Second, partition sizing becomes a balancing act. Keep partitions too large, and each query does too much work after routing. Shrink them, and the number of partitions grows, which makes the first query step (finding the closest nprobes partitions) more expensive. At 10B scale, we tend to want both: enough partitions to keep local scans small, and fast routing so the query doesn’t spend too much time deciding where to search.
The practical bottleneck isn’t one algorithm in isolation. It’s the interaction between data scale, partition count, dimensionality, and how much parallel compute the system can actually use. This is where LanceDB Enterprise picks up: it takes the same logical query plan and distributes it across a cluster, so index construction and query execution can each scale on their own.
Splitting the Index into Segments
LanceDB Enterprise’s distributed indexing path starts by splitting the large table into index segments. Instead of treating a 10B-vector index as one monolithic artifact, we build multiple segment-level indexes, each covering a disjoint slice of the table.
That changes the operational shape of indexing. Each segment can be assigned to its own indexing worker, and many segments build in parallel across the cluster. The final table still exposes one logical index to the user, but the physical work is no longer bound to a single machine.

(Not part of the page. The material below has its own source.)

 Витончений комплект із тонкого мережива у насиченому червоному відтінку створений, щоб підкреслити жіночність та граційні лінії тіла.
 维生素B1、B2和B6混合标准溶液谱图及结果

The important part is that this isn’t just “more threads.” It’s coarse-grained parallelism at the index-artifact level. The scheduler can launch independent segment builds, retry the ones that fail, and merge or commit segment metadata once each unit finishes. For large tables, that turns index build time from “one huge job” into “many bounded jobs,” which is far easier to scale and operate.

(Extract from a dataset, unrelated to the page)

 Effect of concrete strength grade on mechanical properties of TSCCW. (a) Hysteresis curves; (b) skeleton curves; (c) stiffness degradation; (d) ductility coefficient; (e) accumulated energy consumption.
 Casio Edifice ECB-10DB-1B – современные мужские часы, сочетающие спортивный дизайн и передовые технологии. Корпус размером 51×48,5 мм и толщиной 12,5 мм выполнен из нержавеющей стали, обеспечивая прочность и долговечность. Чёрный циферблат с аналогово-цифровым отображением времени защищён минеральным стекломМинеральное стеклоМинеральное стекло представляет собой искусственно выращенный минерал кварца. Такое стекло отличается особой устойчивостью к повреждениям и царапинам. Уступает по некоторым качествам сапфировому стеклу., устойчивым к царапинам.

Segmented indexing also gives us a clean unit for distributed query execution. Each segment carries its own vector index and can sit close to a Plan Executor backed by a local SSD cache. The query layer fans out work to the executors that own the relevant segments and merges their partial answers into the final top-k.

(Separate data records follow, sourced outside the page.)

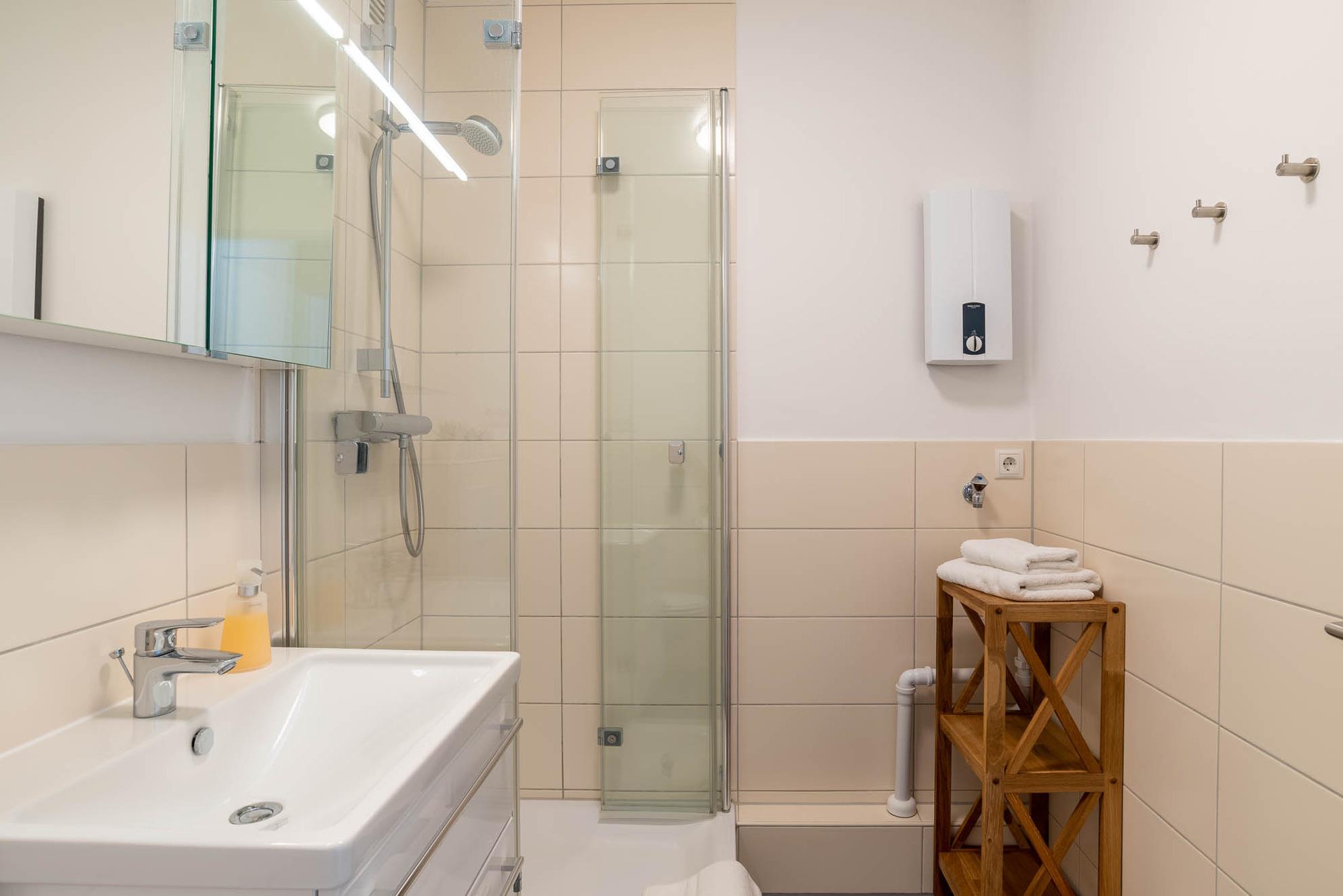Am Eingangsbereich befindet sich eine kleine Abstellkammer, eine Garderobe und ein großer Kleiderschrank sowie das moderne Badezimmer mit Dusche, WC und genügend Stauraum. Abseits des Badezimmers wurde in der gesamten Ferienunterkunft ein Holzboden verlegt, der dem Apartment eine gemütliche Atmosphäre verleiht.
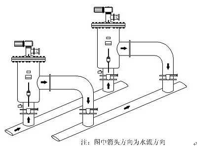 (6)安裝時(shí)應(yīng)考慮便于檢修,自清洗過濾器前后應(yīng)安裝關(guān)斷閥門,且應(yīng)安裝旁通管道。
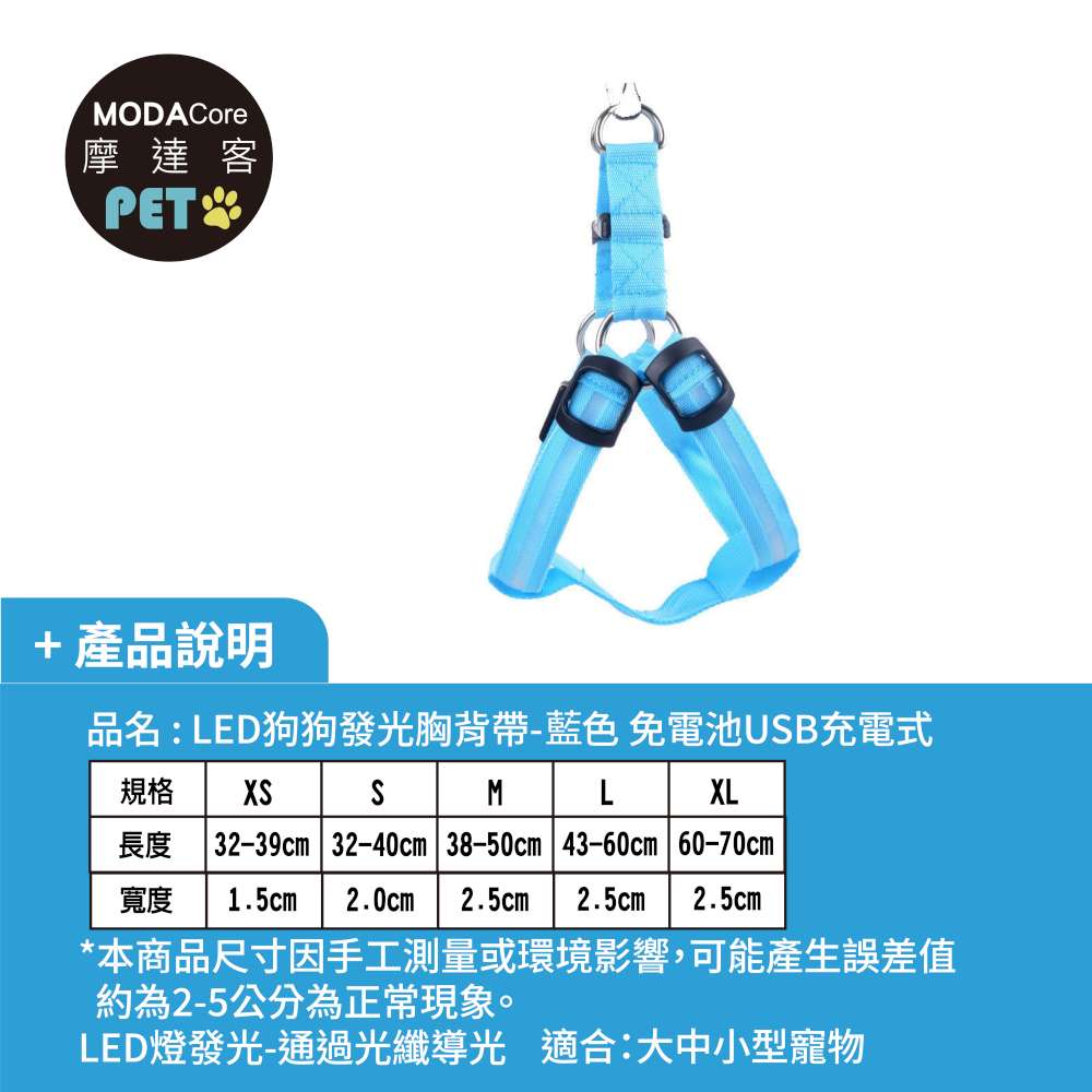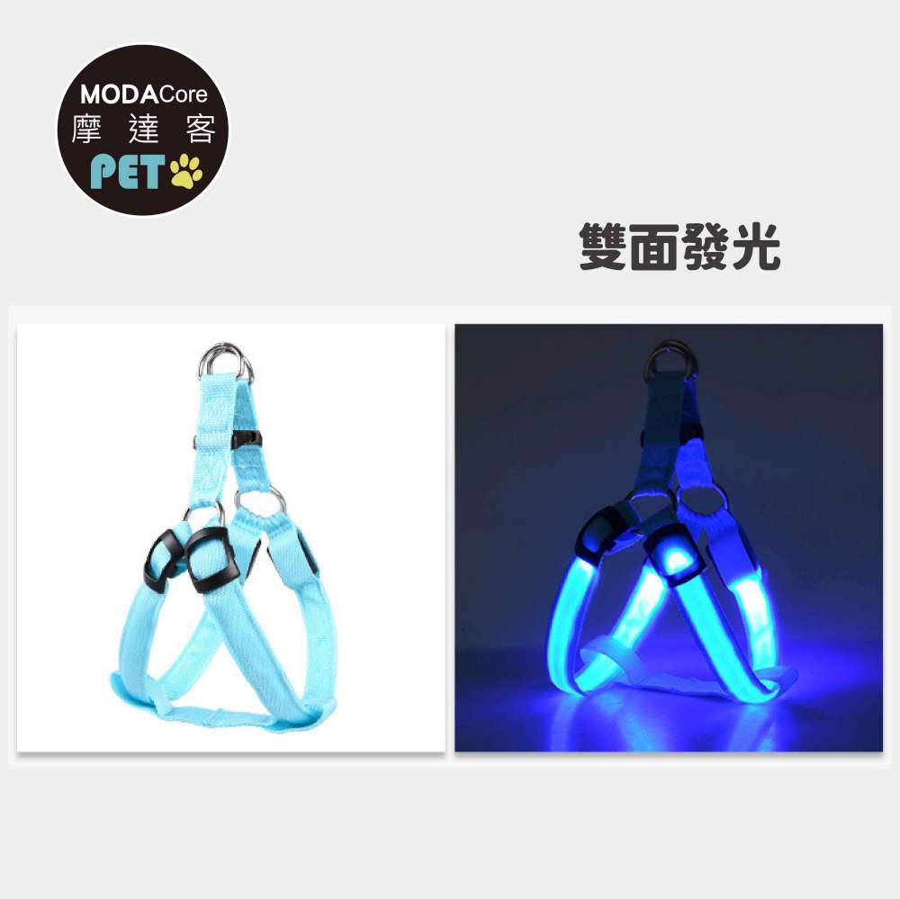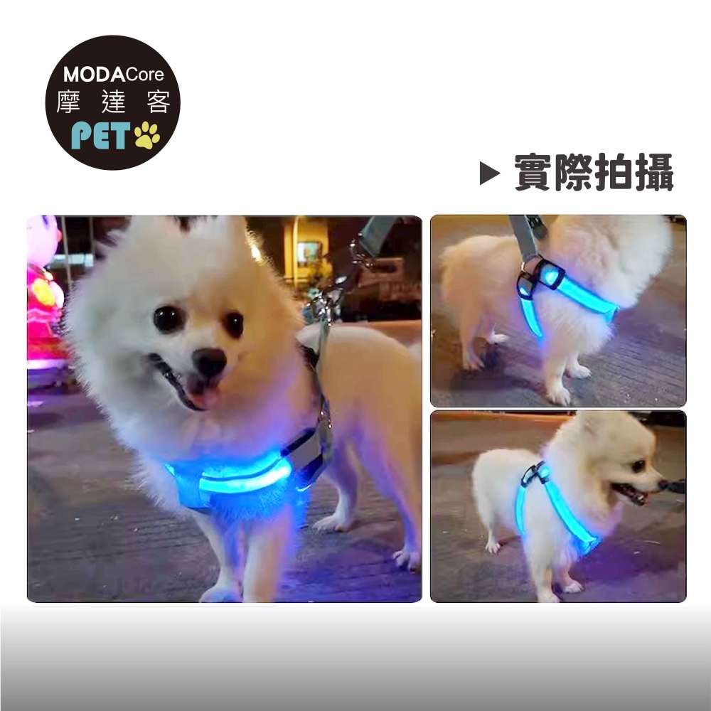 摩達客寵物-LED狗狗發光胸背帶 夜間遛狗 免電池USB充電式 兩色多尺寸 保護防撞防走失

Querying Across Plan Executors
In the distributed query path, the query node acts as a coordinator. It plans the query, routes segment-level work to the Plan Executors that own the relevant segments, and merges the partial results they return.
This matters because vector search is a mix of CPU-heavy and I/O-heavy stages. Partition routing and compressed distance computation are CPU-bound. Candidate reranking and row retrieval need efficient access to stored vectors and payload columns. Spreading segment indexes across Plan Executors puts more CPU cores, more memory bandwidth, and more cache capacity to work at once.
From the user’s side, the API stays the same: a table search returning top-k. Underneath, the work is fanned out across index segments, where each segment searches its local partitions and the query node stitches the partial results back into a single ranked answer.
HNSW over Centroids
The first step of an IVF-style search is to find the nearest nprobes partitions for a query. In a small index, scanning every centroid is cheap enough to ignore. In a 10B-vector index, the centroid set itself grows large enough that this routing step becomes a real cost.
LanceDB addresses this by building an HNSW graph over the IVF centroids at the query node. Instead of comparing the query against every centroid, graph search reaches the nearest clusters in only a few hops. Lance keeps a dedicated fast path for training HNSW over centroids when the centroid matrix is large enough. This is basically a way to speed up finding the nearest clusters in the vector indexing path.
At 10B scale, this is a major win. In our large-scale experiments, HNSW centroid routing cut the cost of the “find nearest partitions” stage substantially. That speedup matters because partition routing happens before any useful local search can begin. Slow routing means every executor starts late.
This is also why we treat centroid search as its own optimization target. The compressed scan inside a partition matters, but optimizing only the second half of the query isn’t enough. At very large scale, the routing layer also has to be approximate, cache-friendly, and fast.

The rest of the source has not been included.